## EXERCISE DIRECTIONS
All the lines below need to be transcribed exactly. Pictures get left out.

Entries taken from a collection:
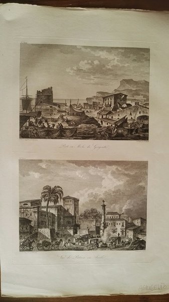 Veduta pubblicata nel “Voyage Pittoresque a Naples et en Sicile". Incisione in rame, ottimo stato di conservazione. Sicile. Dimensioni: 50 cm (lunghezza) x 33,5 (larghezza).
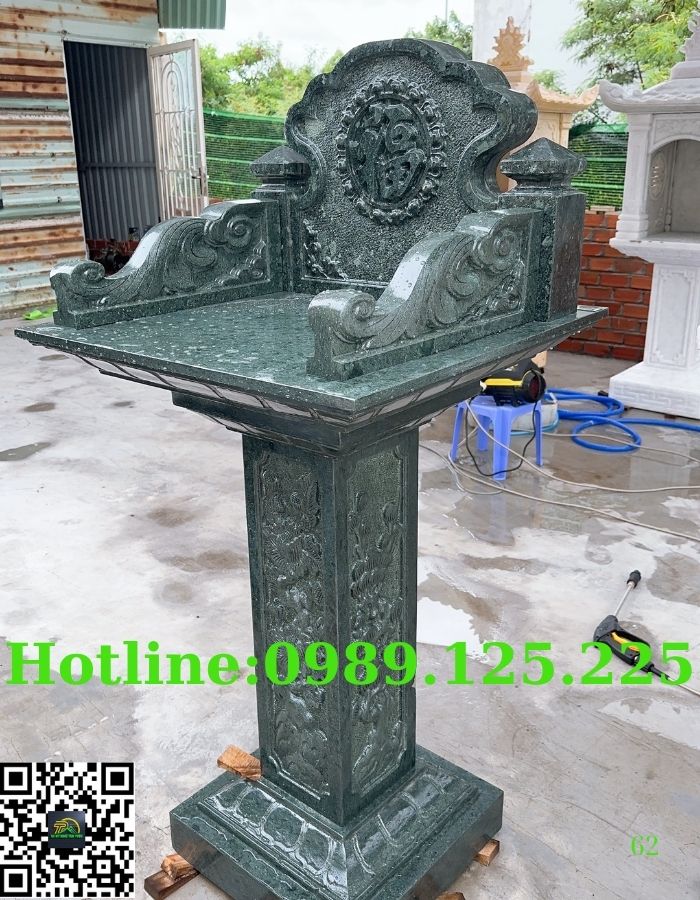 🌿 Phần Chân Bệ Vững Chãi: Nền tảng của toàn bộ công trình chính là chân bệ (hoặc đế), được chế tác từ khối đá đặc, có trọng lượng lớn. Phần này không chỉ có nhiệm vụ chịu lực, tạo sự ổn định tuyệt đối cho bàn thờ trước mọi tác động của thời tiết, mà còn là biểu tượng của sự kiên cố, vững vàng, kết nối trực tiếp với năng lượng của địa cầu. Các cạnh của chân bệ thường được chạm khắc những họa tiết đơn giản nhưng mang ý nghĩa trường tồn như mây cuộn hay hoa văn cách điệu.
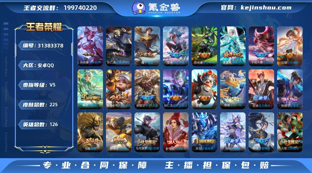 BHC80869,,,,,2星元/安卓Q-V5-永恒钻石IV段位-126英雄-225皮肤-11传说-60史诗 【英雄全皮】:影全皮 【传说皮肤】:云缨幻光神枪,桑启鸣野蒿,亚连落雪白狼,不知火舞绯月行,鲁班七号寅虎瑞焰,曜李逍遥 ,诸葛亮时雨天司,孙悟空零号赤焰,梦奇胖达荣荣,孙尚香末日机甲,狄仁杰超时空战士 【限定皮肤】:白起狰,姜子牙天穹之誓,狄仁杰阴阳师,廉颇寅虎御盾,赵云皇家上将,墨子神迹守卫,嬴政优雅恋人,鲁班七号寅虎瑞焰,庄周高山流水,钟无艳王者之锤,钟无艳超时空战士,芈月重明,芈月幻夜卜梦,吕布御风骁将,元歌云间偶戏,元歌无心,甄姬游园惊梦,甄姬落雪兰心,曹操烛龙,典韦穷奇,马可波罗逐梦之星,马可波罗暗影游猎,狄仁杰魔术师,狄仁杰万华元夜,达摩星际陆战队,达摩沙漠行僧,项羽海滩派对,老夫子醍醐杖,老夫子航海奇遇记,关羽冰锋战神,程咬金演武夺筹,韩信傲雪梅枪,兰陵王金庭之子,不知火舞绯月行,亚瑟潮玩骑士王,孙悟空至尊宝,孙悟空大圣娶亲,孙悟空零号赤焰,孙悟空孙行者,李元芳云中旅人,钟馗驱傩正仪,雅典娜黎明之约,蔡文姬繁星吟游,鬼谷子原初探秘者,鬼谷子五谷丰年,诸葛亮时雨天司,黄忠火炮绅士,苏烈千军破阵,弈星混沌棋,沈梦溪大漠名商,明世隐疑决卦,裴擒虎李小龙,裴擒虎擒涛扼浪,米莱狄胡桃异想国,云中君纤云弄巧,盾山御銮,猪八戒西部大镖客,上官婉儿梁祝,嫦娥拒霜思,曜李逍遥 ,鲁班大师探海日志,桑启海盐诗旅,张良古海寻踪,鬼谷子天穹祈灯,姬小满妄想食味,亚连落雪白狼,沈梦溪龙舞盛年,刘邦剑破天穹 【年限皮肤】:诸葛亮时雨天司,吕布御风骁将,鲁班七号寅虎瑞焰,廉颇寅虎御盾 【赛季限定】:白起狰,曹操烛龙,芈月重明,典韦穷奇,盾山御銮,弈星混沌棋,明世隐疑决卦,老夫子醍醐杖,鬼谷子原初探秘者,狄仁杰万华元夜,程...
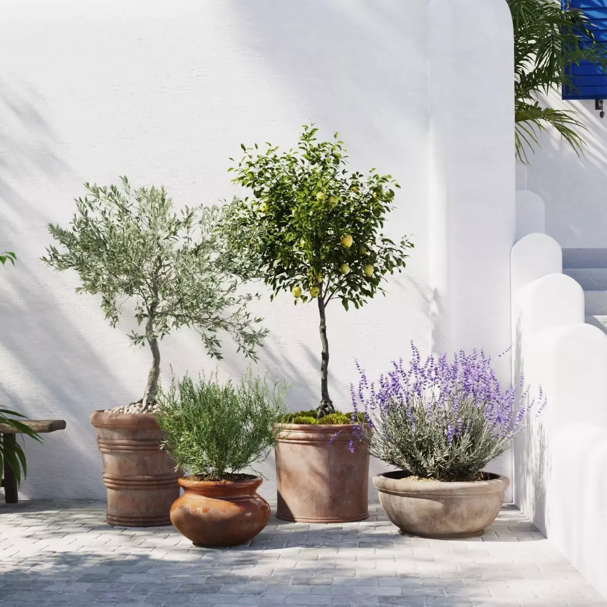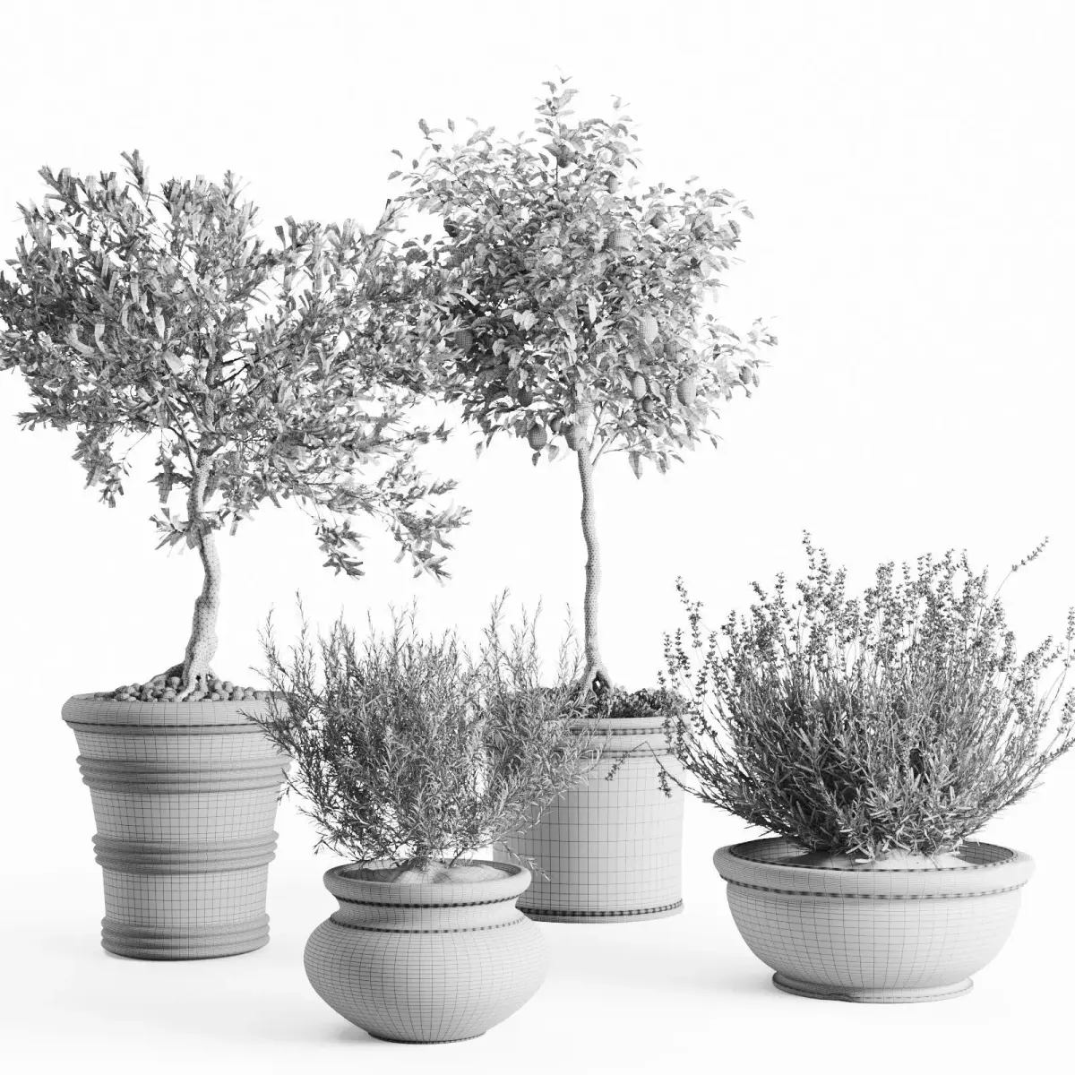 This collection includes four high-quality 3D models of Mediterranean plants: olive tree, lemon tree, lavender, and rosemary, each placed in carefully designed ceramic pots. The models are optimized for architectural visualization and close-up renders, with realistic materials and detailed foliage.
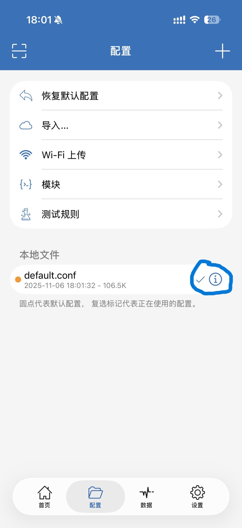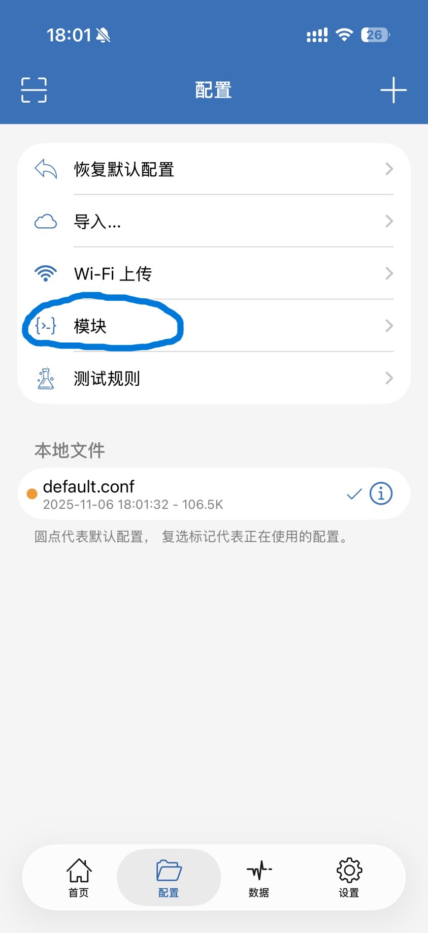 打开 ShadowRocket 主页,点击下方的【配置】,点击【模块】:
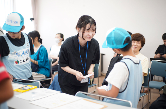 この日の「陸上養殖プログラム」は、まずURがなぜ陸上養殖に挑戦するのか、そのねらいや方法などを集会所で学んでから、実際の養殖現場へ移動。管理を担当する割石(わりいし)博明さんに教わりながら、子どもたちは水槽からエビの脱皮殻をすくいとり、餌やりを体験。
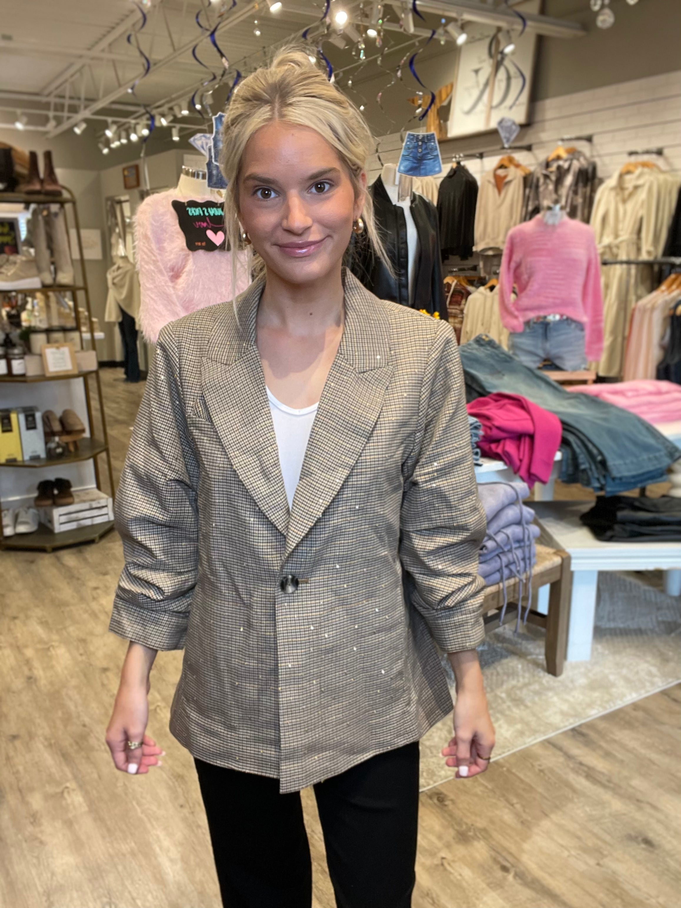 Ruched Sleeve Blazer w/rhinestones
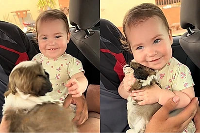 Assim que seus olhinhos curiosos avistaram o cachorrinho, ela abriu um sorrisão espontâneo, esticou os bracinhos para pegá-lo no colo e o envolveu em um abraço cheio de ternura.
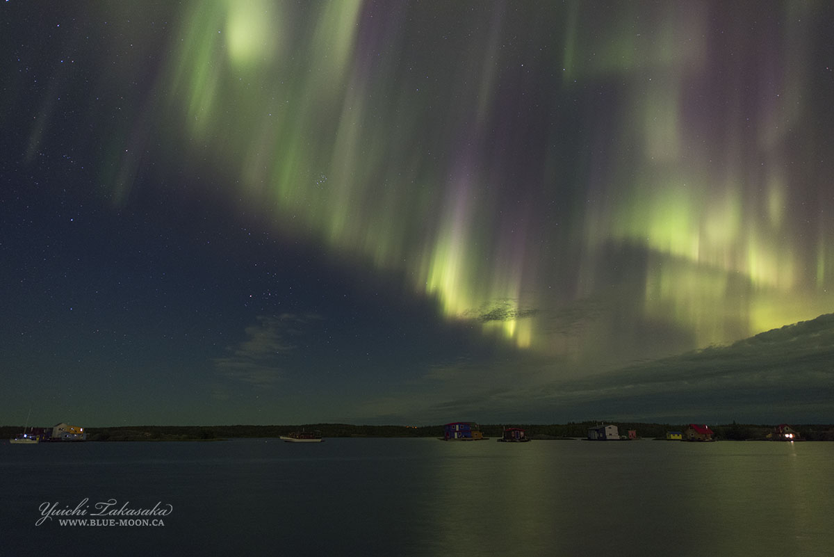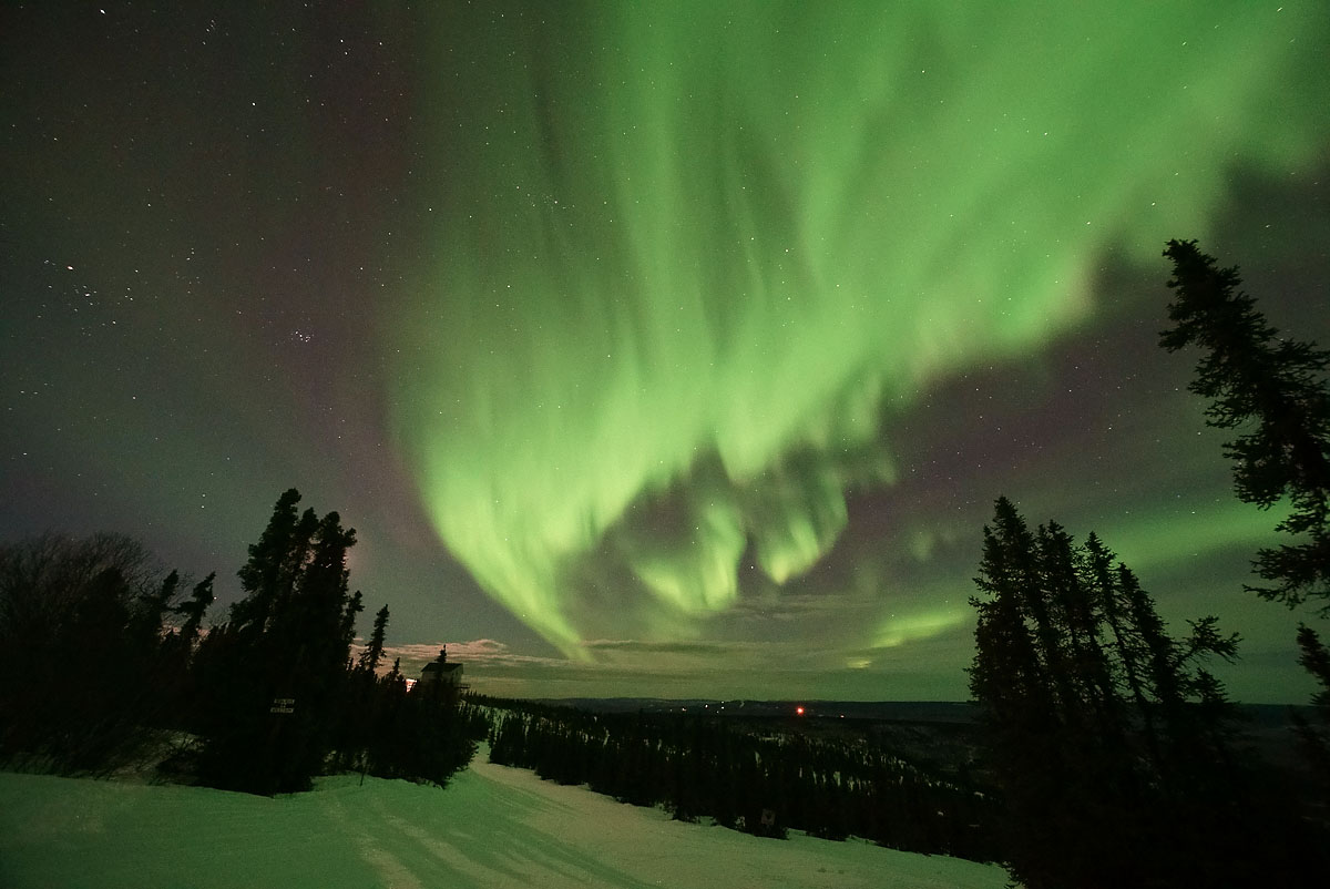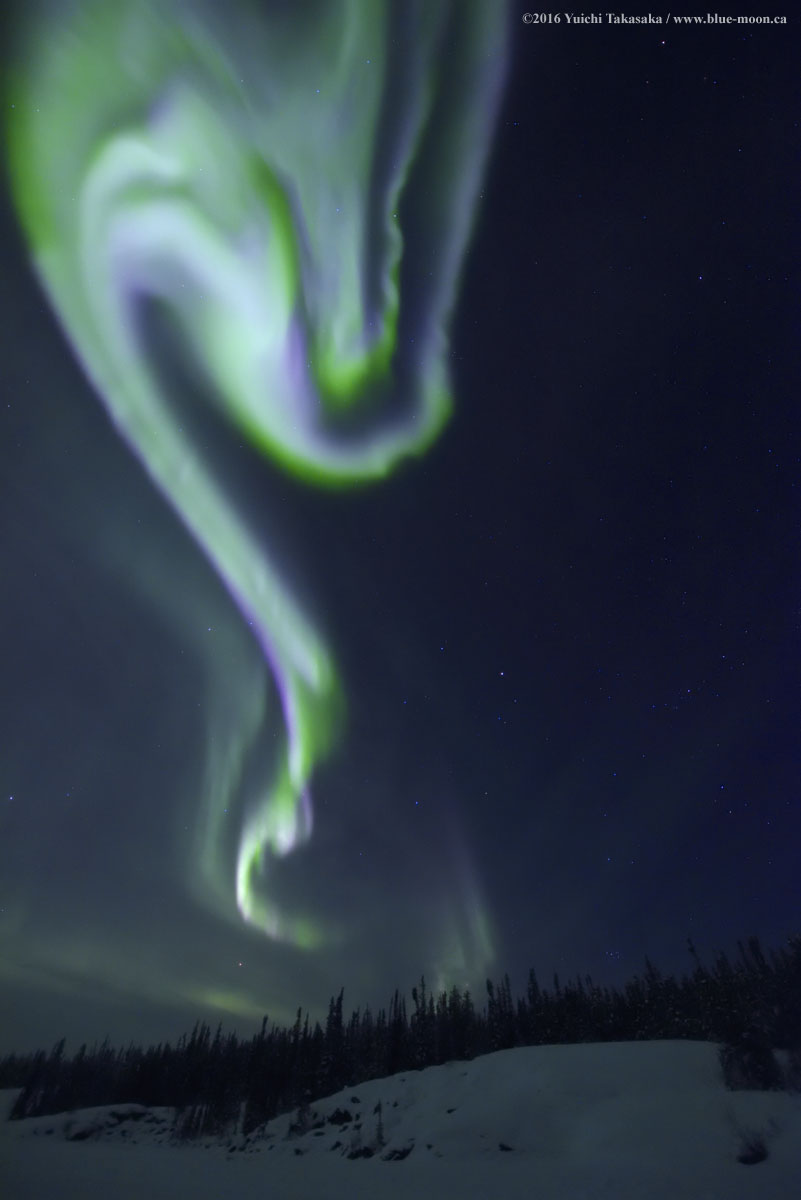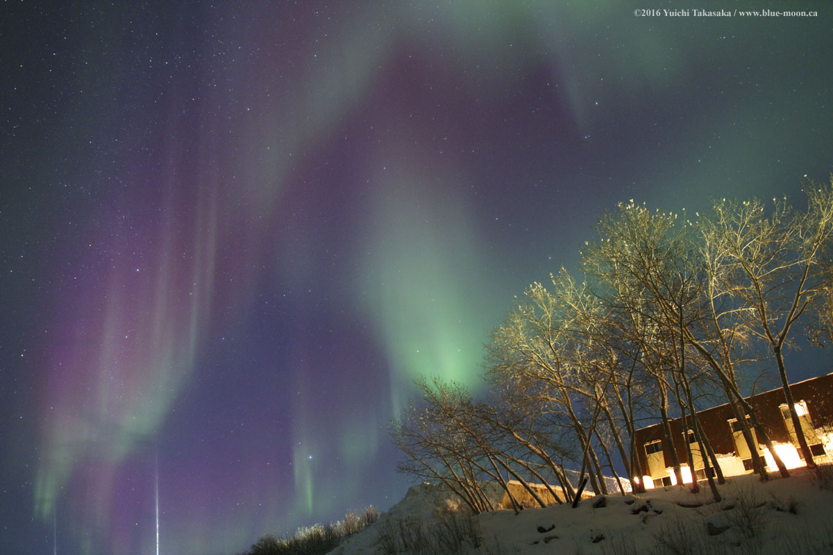 カナダ北西部のイーグルプレーンズで、現地4月5日3〜4時頃に撮影されたオーロラ。

## SOLUTION
 Veduta pubblicata nel “Voyage Pittoresque a Naples et en Sicile". Incisione in rame, ottimo stato di conservazione. Sicile. Dimensioni: 50 cm (lunghezza) x 33,5 (larghezza).
 🌿 Phần Chân Bệ Vững Chãi: Nền tảng của toàn bộ công trình chính là chân bệ (hoặc đế), được chế tác từ khối đá đặc, có trọng lượng lớn. Phần này không chỉ có nhiệm vụ chịu lực, tạo sự ổn định tuyệt đối cho bàn thờ trước mọi tác động của thời tiết, mà còn là biểu tượng của sự kiên cố, vững vàng, kết nối trực tiếp với năng lượng của địa cầu. Các cạnh của chân bệ thường được chạm khắc những họa tiết đơn giản nhưng mang ý nghĩa trường tồn như mây cuộn hay hoa văn cách điệu.
 BHC80869,,,,,2星元/安卓Q-V5-永恒钻石IV段位-126英雄-225皮肤-11传说-60史诗 【英雄全皮】:影全皮 【传说皮肤】:云缨幻光神枪,桑启鸣野蒿,亚连落雪白狼,不知火舞绯月行,鲁班七号寅虎瑞焰,曜李逍遥 ,诸葛亮时雨天司,孙悟空零号赤焰,梦奇胖达荣荣,孙尚香末日机甲,狄仁杰超时空战士 【限定皮肤】:白起狰,姜子牙天穹之誓,狄仁杰阴阳师,廉颇寅虎御盾,赵云皇家上将,墨子神迹守卫,嬴政优雅恋人,鲁班七号寅虎瑞焰,庄周高山流水,钟无艳王者之锤,钟无艳超时空战士,芈月重明,芈月幻夜卜梦,吕布御风骁将,元歌云间偶戏,元歌无心,甄姬游园惊梦,甄姬落雪兰心,曹操烛龙,典韦穷奇,马可波罗逐梦之星,马可波罗暗影游猎,狄仁杰魔术师,狄仁杰万华元夜,达摩星际陆战队,达摩沙漠行僧,项羽海滩派对,老夫子醍醐杖,老夫子航海奇遇记,关羽冰锋战神,程咬金演武夺筹,韩信傲雪梅枪,兰陵王金庭之子,不知火舞绯月行,亚瑟潮玩骑士王,孙悟空至尊宝,孙悟空大圣娶亲,孙悟空零号赤焰,孙悟空孙行者,李元芳云中旅人,钟馗驱傩正仪,雅典娜黎明之约,蔡文姬繁星吟游,鬼谷子原初探秘者,鬼谷子五谷丰年,诸葛亮时雨天司,黄忠火炮绅士,苏烈千军破阵,弈星混沌棋,沈梦溪大漠名商,明世隐疑决卦,裴擒虎李小龙,裴擒虎擒涛扼浪,米莱狄胡桃异想国,云中君纤云弄巧,盾山御銮,猪八戒西部大镖客,上官婉儿梁祝,嫦娥拒霜思,曜李逍遥 ,鲁班大师探海日志,桑启海盐诗旅,张良古海寻踪,鬼谷子天穹祈灯,姬小满妄想食味,亚连落雪白狼,沈梦溪龙舞盛年,刘邦剑破天穹 【年限皮肤】:诸葛亮时雨天司,吕布御风骁将,鲁班七号寅虎瑞焰,廉颇寅虎御盾 【赛季限定】:白起狰,曹操烛龙,芈月重明,典韦穷奇,盾山御銮,弈星混沌棋,明世隐疑决卦,老夫子醍醐杖,鬼谷子原初探秘者,狄仁杰万华元夜,程...
 This collection includes four high-quality 3D models of Mediterranean plants: olive tree, lemon tree, lavender, and rosemary, each placed in carefully designed ceramic pots. The models are optimized for architectural visualization and close-up renders, with realistic materials and detailed foliage.
 打开 ShadowRocket 主页,点击下方的【配置】,点击【模块】:
 この日の「陸上養殖プログラム」は、まずURがなぜ陸上養殖に挑戦するのか、そのねらいや方法などを集会所で学んでから、実際の養殖現場へ移動。管理を担当する割石(わりいし)博明さんに教わりながら、子どもたちは水槽からエビの脱皮殻をすくいとり、餌やりを体験。
 Ruched Sleeve Blazer w/rhinestones
 Assim que seus olhinhos curiosos avistaram o cachorrinho, ela abriu um sorrisão espontâneo, esticou os bracinhos para pegá-lo no colo e o envolveu em um abraço cheio de ternura.
 カナダ北西部のイーグルプレーンズで、現地4月5日3〜4時頃に撮影されたオーロラ。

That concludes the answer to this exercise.